And he exists as individuality so that there is significance
to each individual person. So that when we go back and we
talk about The Trinity, each person has distinct identity. So each person is of ultimate
importance. Each is equally eternal. There was never a beginning or
an end. That is what it means to be God. Now that's important
because when we get into some things in a minute, We'll see
that that is essential for understanding who Jesus is. The Son did not
begin with the virgin birth. He did not begin as a creature
in some time in eternity past. He is eternal. Otherwise, he
would not be God. And as a creature, he would not
be able to pay for sin. And then we have the Holy Spirit. who is also equally eternal. John 519, we talked about this
a little bit last time, that Jesus talks about his submission
to the Father's will. So in John 519, 519, Jesus said,
Most assuredly, I say to you, the son can do nothing of himself,
but what he sees the father do for whatever he does, the son
also does in like manner. Notice the similarity there.
That's the unity. What the father does, the son
does. That brings us to this idea of perichoresis. That's
emphasizing the unity. And then John 6, 38, I've come
down from heaven not to do my own will, but the will of him
who sent me. So we see that he does have his own will, he's
a distinct person, but he is submissive to the will of the
Father. So that in eternity you have
authority is at the core of the triune relationship. In John
7, 16, Jesus answered them and said, my doctrine is not mine,
but of him who sent me. So we see again that emphasis
of his subordination to the Father, but it's not a subordination
of essence, it's a subordination of person. Now this became critical
at a time in the early church by the early third century. Okay, what was going on at that
time was that there had been attempts for the previous hundred
and fifty years to try, or a little more, to try to explain what
the Bible taught in terms of this relationship of the Trinity. Two questions came out of this.

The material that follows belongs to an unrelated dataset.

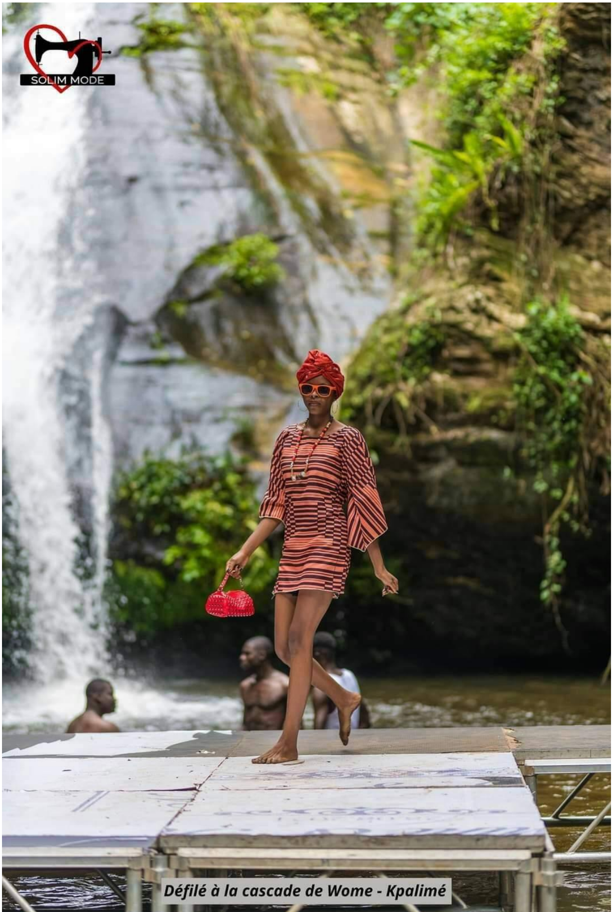
Défilé à la cascade de Wome - Kpalimé

One was, who was Jesus before he came? And the second question
is, who was Jesus when he came? The second question had to do
with understanding the union of deity and humanity in one
person, in Jesus Christ. That gets resolved later. First
they had to understand this question of who was Jesus before he came. This is one of the most interesting
episodes for me in church history is how they understood this.
I'm just going to cover briefly under these five points the background,
second what did Arius teach, second what did Athanasius understand,
and fourth the consequences and then we'll look at the creed
itself. Just briefly, the background was that in the early church
they were trying to figure out who God was and how do, in what
way do the Father, the Son, and the Holy Spirit relate to each
other. And one of the things I like about teaching this is
usually you smoke out a lot of people who have one or two heretical
ideas in their mind just because of the finite way in which we
think. Modalism was the idea that the Son was not distinct
from the Father. Oh, there we go. Okay, that you have one God,
and initially He appeared, for example, in the Old Testament
as a Father, and then He appears later as the Son, and then now
He appears as the Holy Spirit. One of the most obvious problems
of this is he doesn't, he's not all three at the same time. He's
either the father, he puts on the father mask and then he'll
take off the father mask and put on the son mask and then
he'll take off the son mask and put on the Holy Spirit mask.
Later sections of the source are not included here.